From: Sean Kelly on
I'm using some code to perform learned sparse coding for the visual system. For each set of basis functions I need to minimize their coefficients (i've chosen to use GPSR to do so). The below parfor should be sufficient and is identical to all the parfor loops i've written before, but this one shows zero speed gains. While I don't have access to the time spent in GPSR_Basic while it's running parfor, the thread blocking calls account for 90% of the runtime (according to Profiler), and I assume that those roughly correspond to time spent in GPSR_Basic, assuming minimal parfor overhead since it's a local matlabpool.

If I run the exact same script, dropping the par from parfor, the wall time remains exactly the same. No errors are presented by MATLAB regarding the parallelization, but a look at the resource utilization as shown by windows reveals that 3 of my cores (given 3 workers are assigned) are not being particularly used (overall CPU utilization jumps from 4% to 35%, so one might expect a single core is being used). If I put a disp(idx2) at the beginning of the parfor, I can see that 3 workers are in fact initialized as I get 3 indexes displayed concurrently each "tick".

So I guess the question is: without looking deeply into the construction of GPSR_Baisc, what kinds of coding structure within it could cause it to be as slow in parallel as it is serial? Each call to the function takes 6 ms (roughly) so is it just likely that my system is hitting an IO wall and the function simply cannot run any faster?


parfor idx2 = 1:100

xmin = randi([1, 512-16]);
ymin = randi([1, 512-16]);
whichimg = randi([1, 10]);

baseimage = im{whichimg}(ymin:ymin+15,xmin:xmin+15);

baseimage = reshape(baseimage,16*16,1);
sigma = var(baseimage);

x = GPSR_Basic(baseimage,pred,.1,'Verbose',0);

ihat = pred*x;

resid(idx2,:) = baseimage-ihat;
weights(idx2,:) = x;
end
From: Edric M Ellis on
"Sean Kelly" <stkelly85(a)not.gmail.com> writes:

> So I guess the question is: without looking deeply into the
> construction of GPSR_Baisc, what kinds of coding structure within it
> could cause it to be as slow in parallel as it is serial? Each call to
> the function takes 6 ms (roughly) so is it just likely that my system
> is hitting an IO wall and the function simply cannot run any faster?

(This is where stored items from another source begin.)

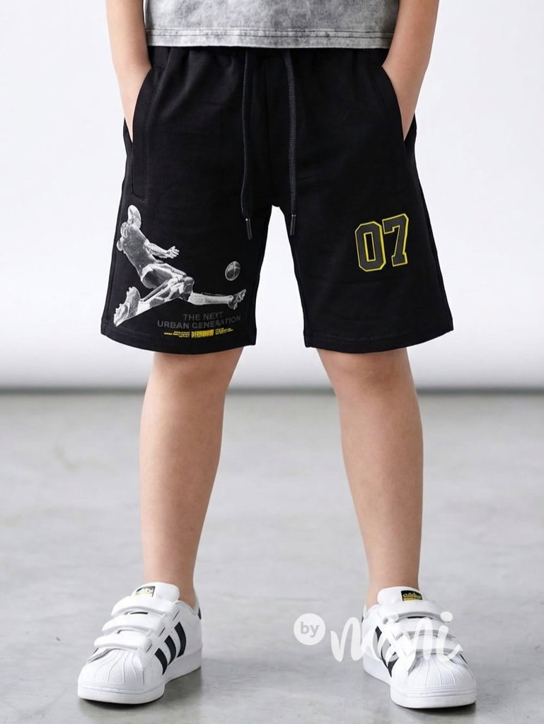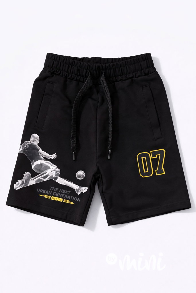 Bavlněné sporty kraťasy, pas na stretch gumu, kapsy po stranách, fotbalový motiv.
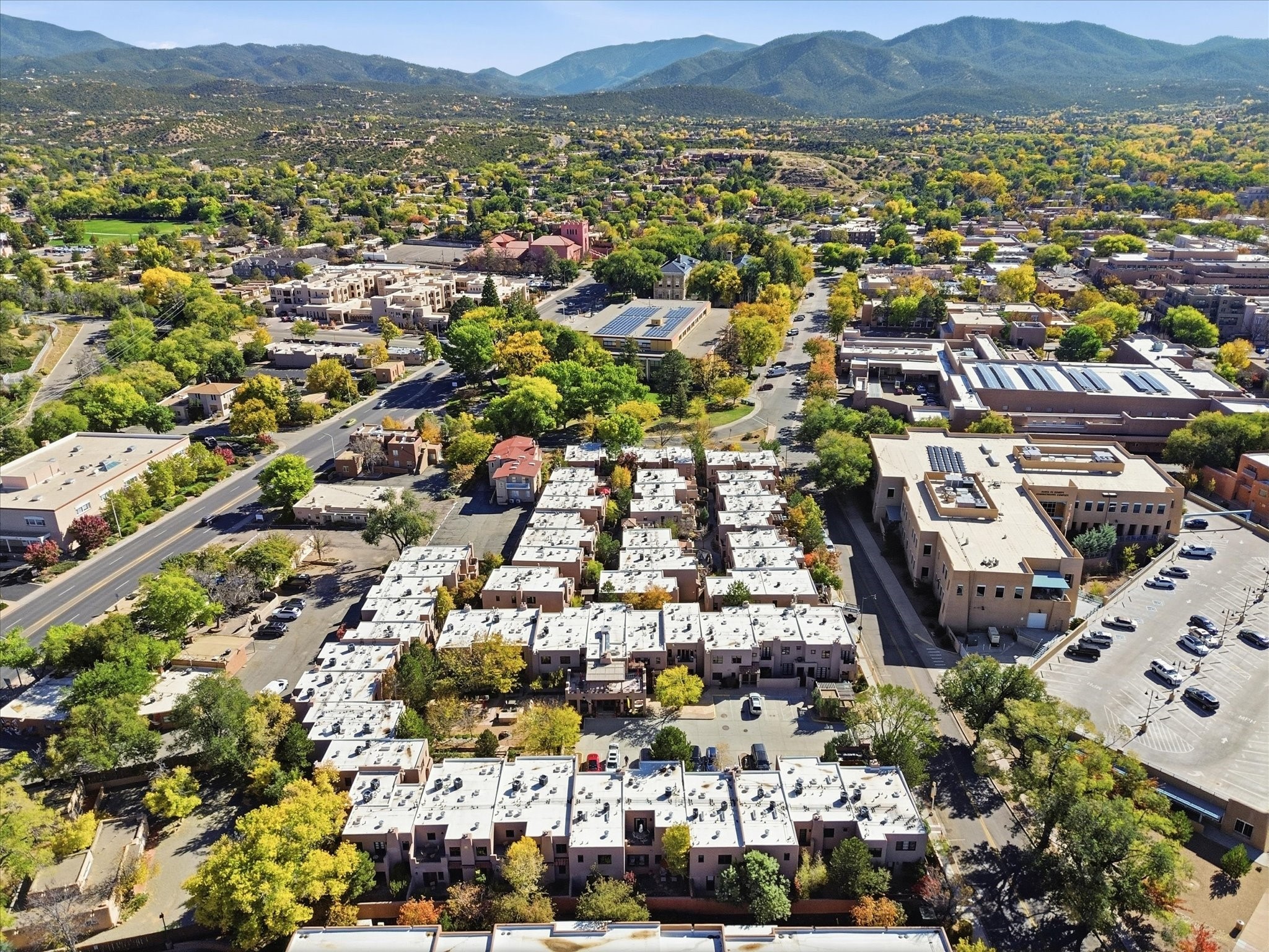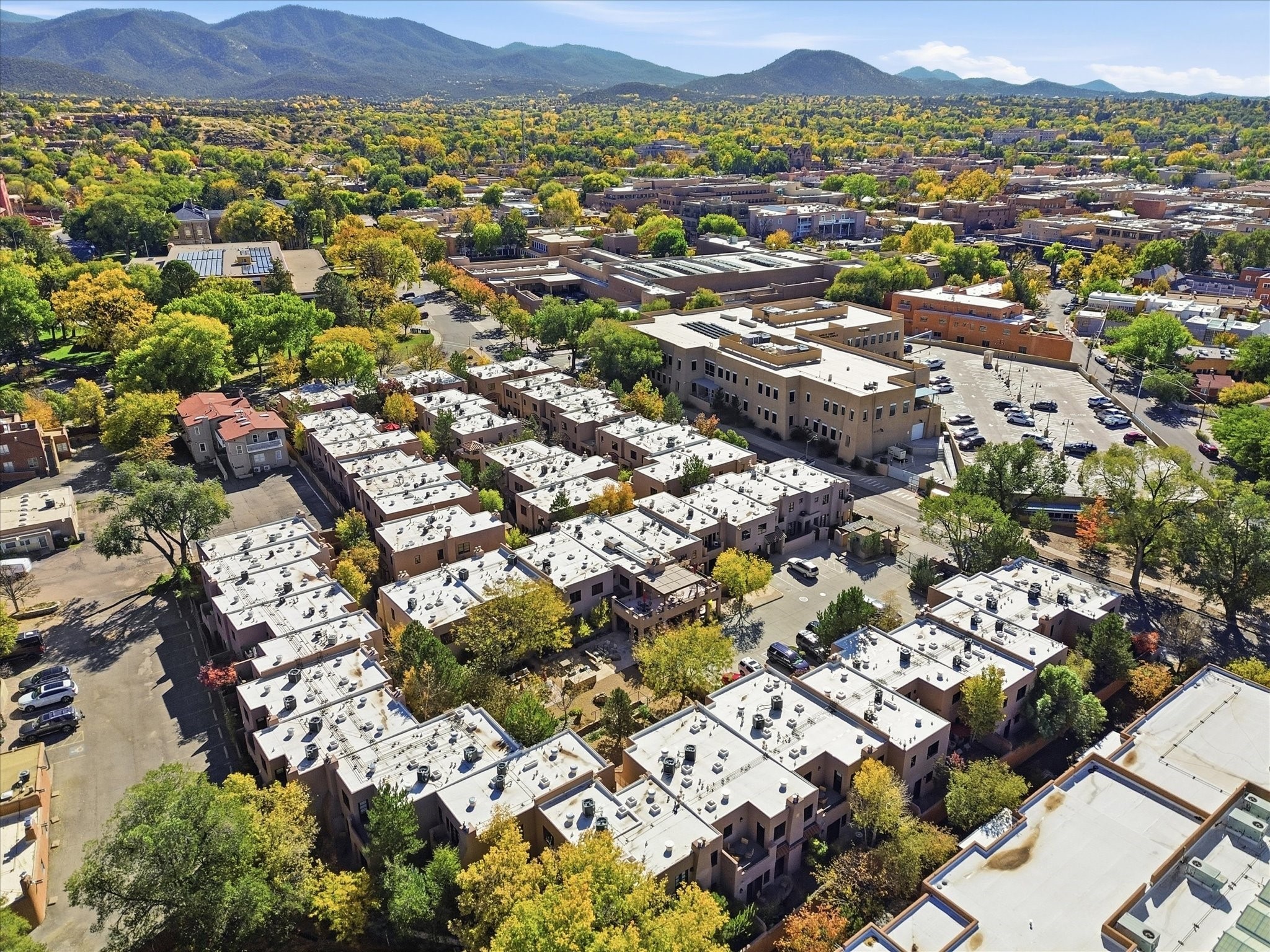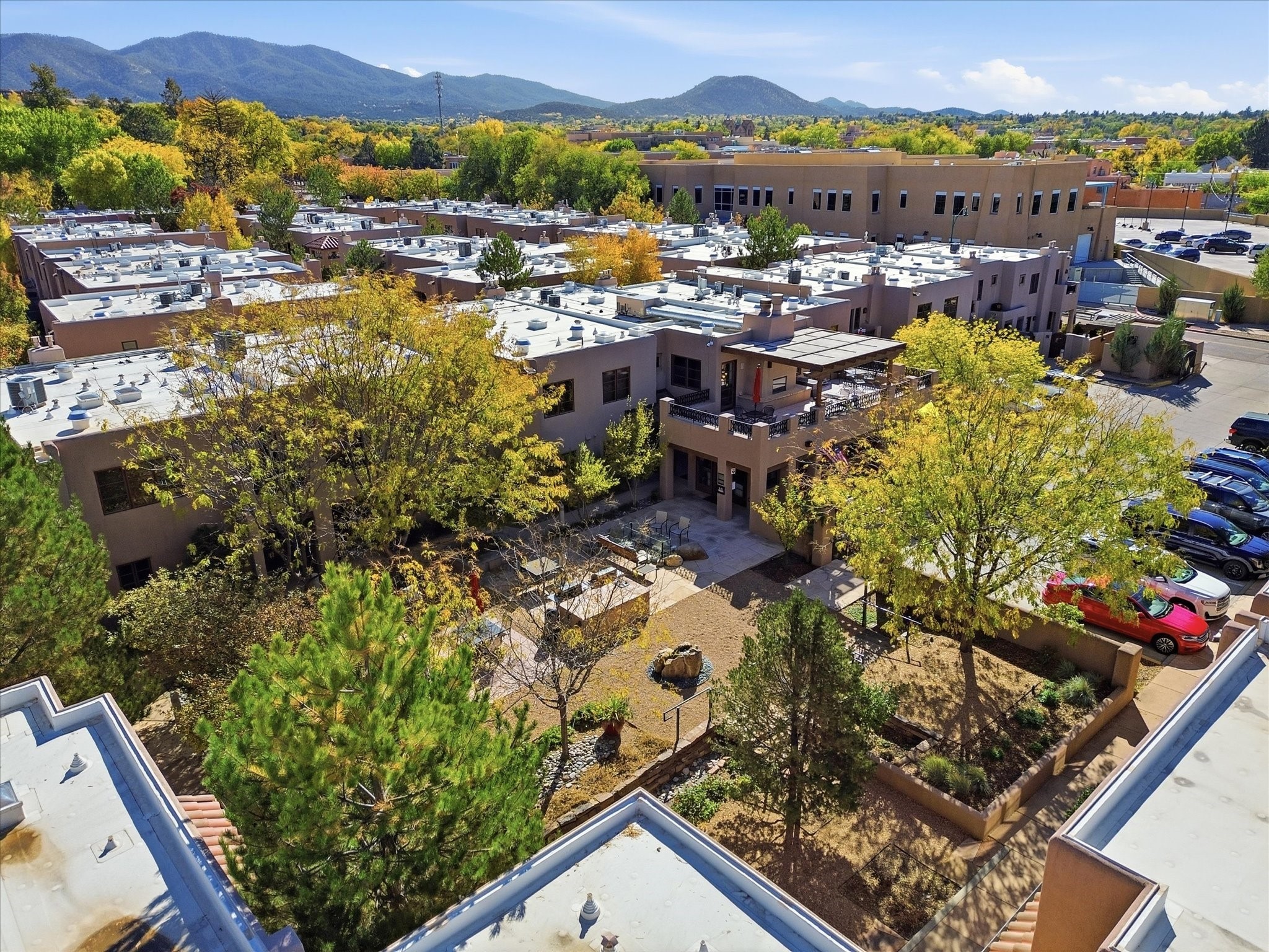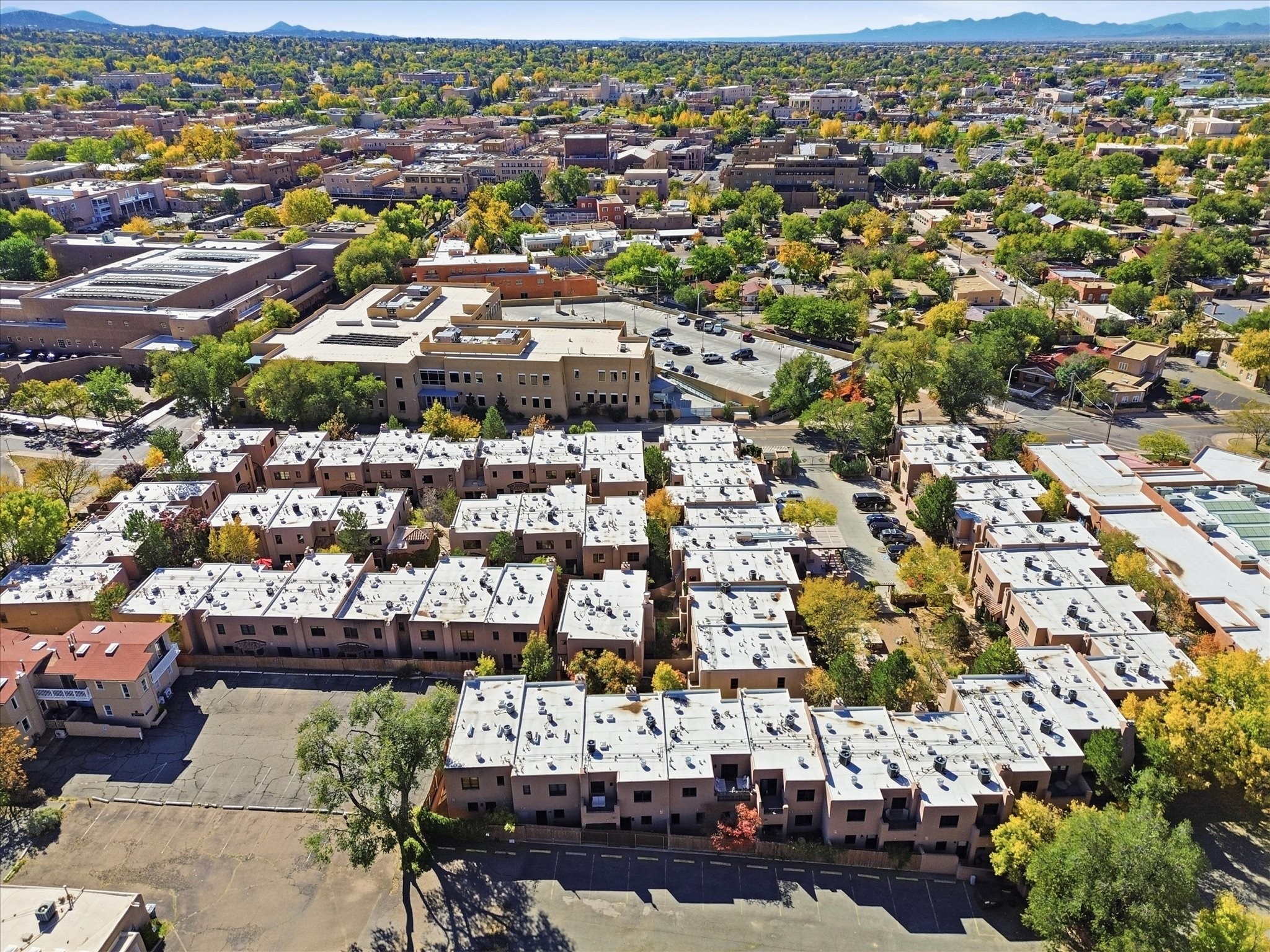 Welcome to El Corazn de Santa Fe, a gated community perfectly situated in downtown Santa Fe -- just minutes from the Plaza, local music, restaurants, and shopping. This two-bedroom, one-bath upper unit offers a seamless blend of style, comfort, and practicality for modern living. Step inside to an open concept living and dining area, perfect for relaxing or entertaining, with easy access to a private balcony where you can enjoy your morning coffee or Santa Fe sunsets. The kitchen is thoughtfully designed with ample built-in cabinets and appliances ready for daily use, plus a conveniently located laundry space for seamless movement. The unit features two bedrooms, including a primary bedroom with a built-in closet, and a remodeled full bathroom. The layout ensures comfort and privacy, while the second-story location provides quiet and scenic views from inside the unit. Residents of El Corazn enjoy an array of community amenities, including a rooftop open space at the clubhouse, a gym, and a barbecue area -- ideal for staying active, socializing, or simply relaxing outdoors.With downtown dining, shopping, and entertainment just moments away, this home perfectly balances city access with everyday comfort. Whether you're looking for a stylish downtown condo or a convenient retreat in Santa Fe, this unit is a must-see.
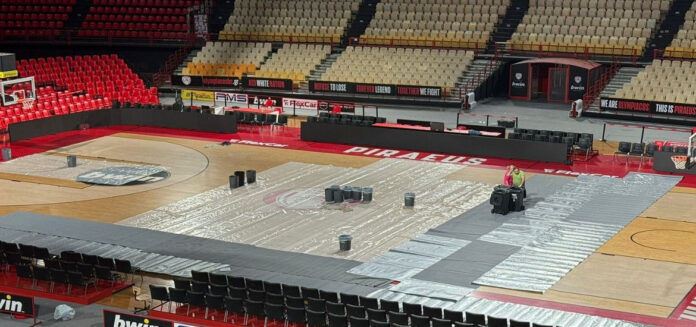 Οι άνθρωποι του γηπέδου όπως και τις προηγούμενες δύο φορές κάνουν ότι καλύτερο μπορούν προκειμένου να περιορίσουν την όποια ζημιά καλύπτοντας με νάιλον κομμάτια του παρκέ, τοποθετώντας παράλληλα και κουβάδες σε αρκετά σημεία του σταδίου.

It's certainly possible that you could be hitting a wall with memory
bandwidth, especially if PARFOR is working as expected for you
otherwise. For example, addition of large arrays is typically memory
bound since the amount of computation required for each element of the
array is small compared to the memory transfer required. (This is
sometimes referred to as "arithmetic intensity", especially for GPU
computations).

Cheers,

Edric.